Opposition to AI data centers has been building for months. Communities across the U.S. have pushed back against the massive facilities over concerns about electricity consumption, water usage, noise, and property values. Until now, the resistance looked like town hall protests, petition drives, and zoning board fights.

This is something else entirely. As Fortune reports, the attack marks the first known instance of anti-data-center sentiment escalating to violence against a public official. A city commission had voted just last week to approve the rezoning that Gibson publicly supported.

The incident comes at a fraught moment for AI infrastructure. Data centers already consume more than 10% of U.S. electricity, a figure projected to double by 2030. Companies like OpenAI and Microsoft are racing to build enormous facilities that require hundreds of megawatts — enough to power small cities. For residents living next door, the abstract promise of superintelligence feels a lot less compelling than the concrete reality of a humming warehouse drawing down the local grid.

Why This Matters

The shooting puts every local politician weighing a data center vote on notice. Indianapolis Metropolitan Police are investigating, and the story has already gone national across AP, CBS, NBC, PBS, and the New York Post.

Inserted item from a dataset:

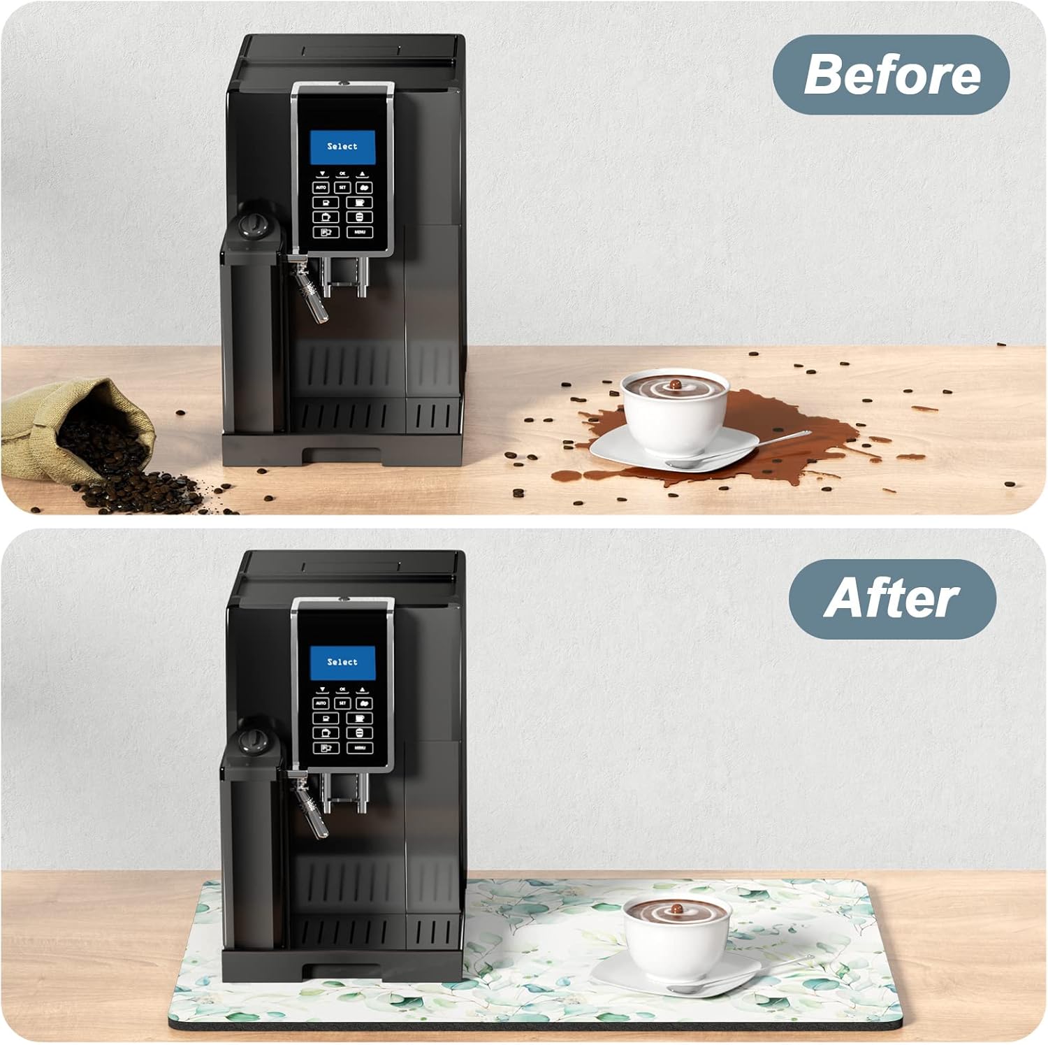 - Easy to Clean: The coffee bar mats for countertop can be cleaned with hand or machine to remove stains, up to 91% porosity material allows coffee bar mats to dry quickly without a machine

Gibson himself has called the attack "deeply unsettling" but says he won't be intimidated. The broader question is whether other officials will feel the same way — or whether the political calculus around AI infrastructure just got a lot more complicated.

What's Next

The FBI has been notified given the political nature of the attack. Expect the incident to surface in ongoing congressional debates about AI regulation and infrastructure, where data center siting has become one of the most contentious local issues in the country.